Best Buy's "featured offer" seems like a no-brainer for buying brand-new electronics — two years with no interest comes across as a great way to buy it now and pay later without punishing interest charges. If you're not turned off by the notion of being accountable for yet another credit card, then here's something else to consider that might make you think twice about financing your new TV with a store's zero-interest proprietary card.
You know that a credit inquiry can temporarily shave points from your score, but the low credit limit on these store cards may have a more negative impact. Your credit-to-debt ratio makes up a large part of your overall credit score, and The Wall Street Journal emphasizes that "credit bureaus look at how much of all your available credit is borrowed as well how much you've used on each card." The article uses the example of purchasing a $2,000 TV on a card with a $2,500 limit; that's utilizing 80 percent of available credit, which doesn't do any favors for a consumer's credit score.
This is how I bought my computer last year.. on a 0% interest store card. It was even from Best Buy!
But my computer was $2500 and the limit they gave me on the card was SIX THOUSAND! (I know, like wtf would I buy with $6000??).

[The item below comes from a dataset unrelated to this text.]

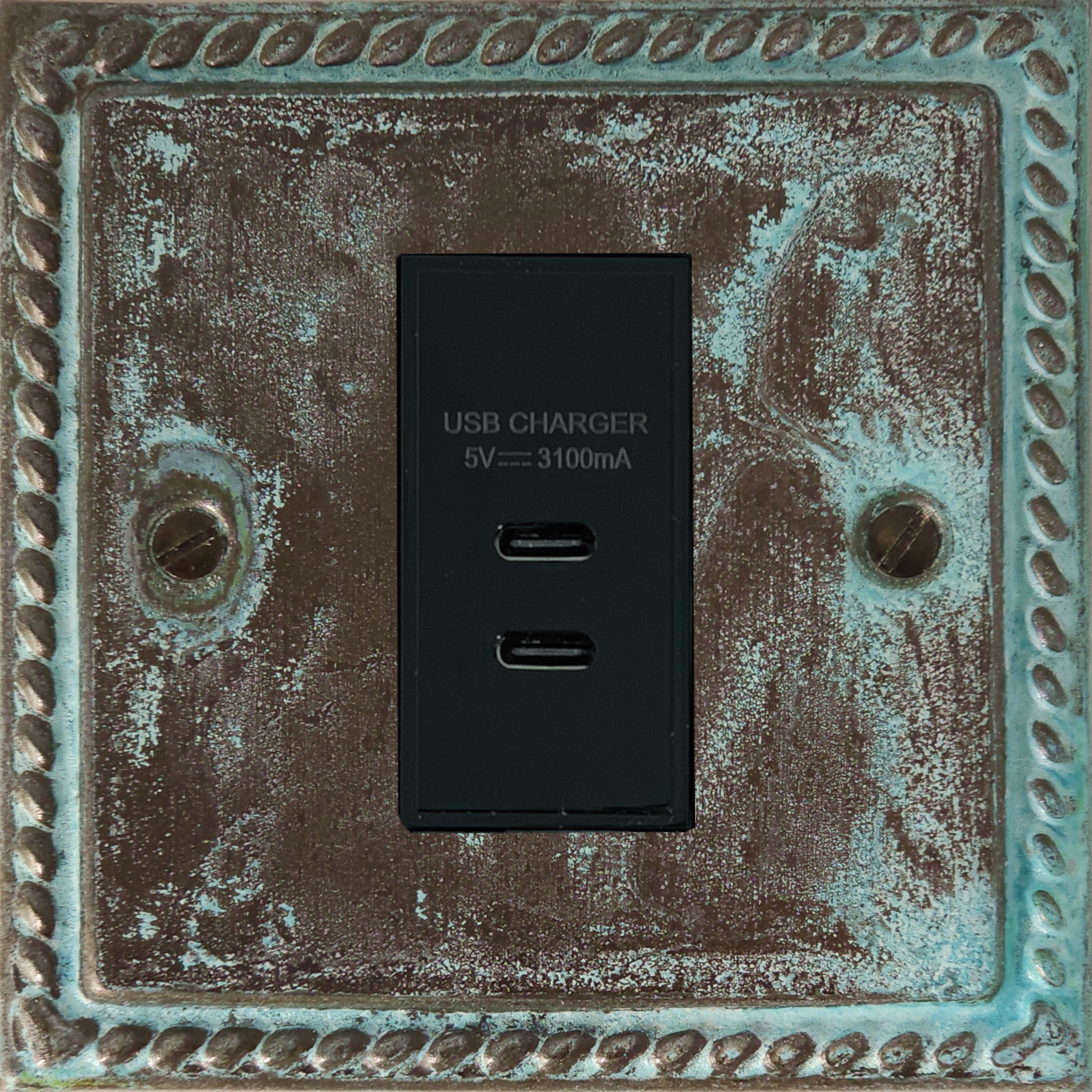 Monarch Verdigris USB Charger (2x USB-C) (1 Gang/Black Insert) - G+H MV42B

The balance on it is currently $0 (actually -$1 credit to me! haha) and I'm planning to cancel.. but then that thought about debt-to-credit ratio always creeps in my mind. I have a line of credit also (that carries a balance half of that available), so would canceling this store card be a bad move? Is it better to just carry an empty card to maximize my "available credit" even though it's at a store where I don't plan to make any purchases on credit again?